14 August 2007

The "lights out" puzzle

Remember the puzzle Lights Out? You have a five by five array of buttons with lights under them. When you push one of the buttons, that button and its neighbors to the north, south, east, and west are toggled -- they turn on if they were off, and off if they were on. You start with some random configuration of lights, and the object is to turn them all off.

I remember being very frustrated by the physical version of this puzzle when I first encountered it, because I could never get it to work. It's easy to get most of the lights out, not surprisingly, but hard to get all of them.

It turns out there's a solution, but it's kind of frustrating in that it involves a lookup table. Basically, you look at the first row; whichever lights are on, you press the corresponding lights in the second row. Now, whichever lights are on in the second row, you press the corresponding lights in the third row, and so on. (This is known as "chasing the lights".) Now some lights in the bottom row are on. You then press some apparently randomly selected lights in the top row, according to the table, and repeat; when you get to the bottom this time, all the lights will be off.

This is very inefficient. For one thing, you can see that the order in which the lights are pressed doesn't matter (unlike, say, the Rubik's cube) -- what determines whether a light is on is just its starting position, and the parity of the number of times it and its neighbors have been pressed. Furthermore, if you press a light twice that's the same as not pressing it at all, and this solution in general leads to pressing a lot of lights twice.

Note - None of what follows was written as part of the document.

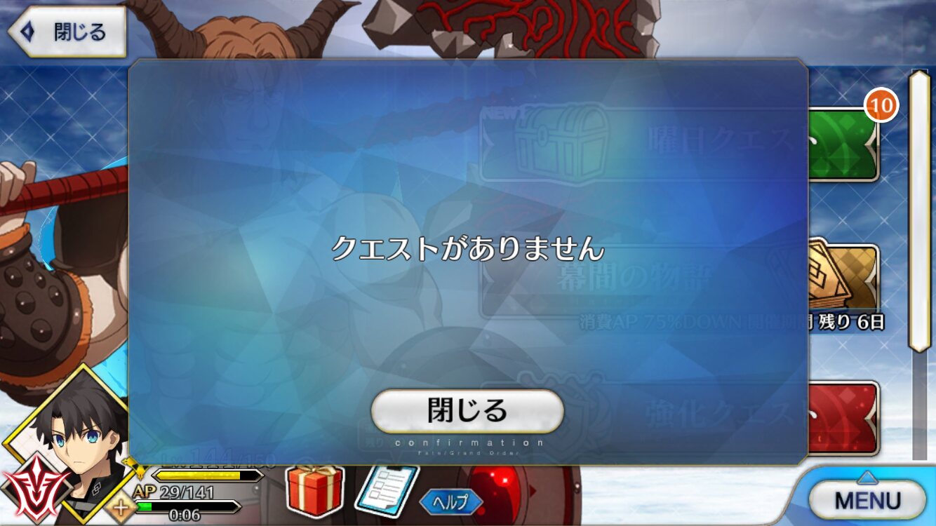 よーし、これはまだやれてない幕間クリアするためにも鯖育成せねばなるまいな

In a 9-by-9 version of the puzzle, it turns out that there are only two possibilities for the final row if you do the analogous thing; either all the lights are off (and then you win) or the first, third, fifth, seventh, and ninth lights are on. Then you press the square in the upper right corner and repeat the whole procedure. It looks to me (although I don't have that many 9-by-9 examples of the puzzle, and so can't be sure) that pressing the upper left square toggles the puzzle between these two things, so there ought to be a solution of this form:
- press, or don't press, the top left square.
- proceed by the "chasing the light" method.

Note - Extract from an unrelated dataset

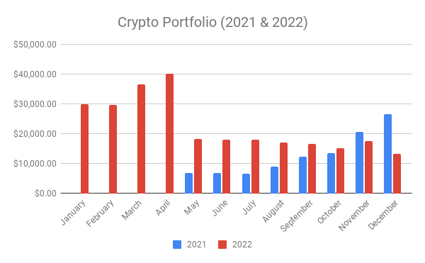 Crypto is not really on my mind right now, I am still contributing but mostly with the spare change that I have like at the end of each month after accounting for savings, investments into index ETFs and REITs as well as my expenses. So not really any huge contributions but crypto is tough especially after LUNA/UST crash as you can see from my chart, April 2022 drop to May 2022 and then FTX collapse and many other dominos effect.

In either of these cases one can find a better (although not quite minimal) solution for any starting configuration, by doing the two-pass chasing-the-lights algorithm, noting which buttons one pressed, and then starting from the same original configuration, not pressing those buttons which were pressed twice the first time. For example, today's 9-by-9 lights out at logicgamesonline.com is solved in 58 moves by the crude two-pass method; it turns out that there are ten lights which are pushed on each pass, so eliminating the corresponding 20 presses, one can solve it in 38 moves. (The web site claims there's a 28-move solution, but I'm not bored enough to look for it.)
In the 5-by-5 case there are certain nice-looking patterns which don't do anything. This page describes them as being in the "null space of the adjacency matrix of Lights Out", which kind of makes sense. For more on this, see Mathworld's description of the puzzle; it turns out that the puzzle can be described as the solution of a system of 25 equations with mod 2 coefficients. What I wonder is if there is some way to find the minimal solution, or at least a solution that doesn't involve pressing the same button twice (we might call this an "efficient" solution), that doesn't require actually solving the system of equations, but can be done "by inspection". I suspect there isn't, but I may be wrong.


John Armstrong said...

What I wonder is if there is some way to find the minimal solution, or at least a solution that doesn't involve pressing the same button twice that doesn't require actually solving the system of equations

Not really. The two problems (the puzzle and the linear algebra) are equivalent. Besides, there's really nothing to "solve". Once you find the projector onto the null-space for a given board it's just a matrix multiplication to solve the puzzle.

Isabel said...


I realize why they're equivalent. But I'm wondering, basically, if there's some way to tell someone how to find the minimal solution that doesn't require that they know linea algebra.

John Armstrong said...

I think we've got a semantic mismatch here. I'd say that even if they don't "know linear algebra", if they can solve the puzzle they can solve the equations.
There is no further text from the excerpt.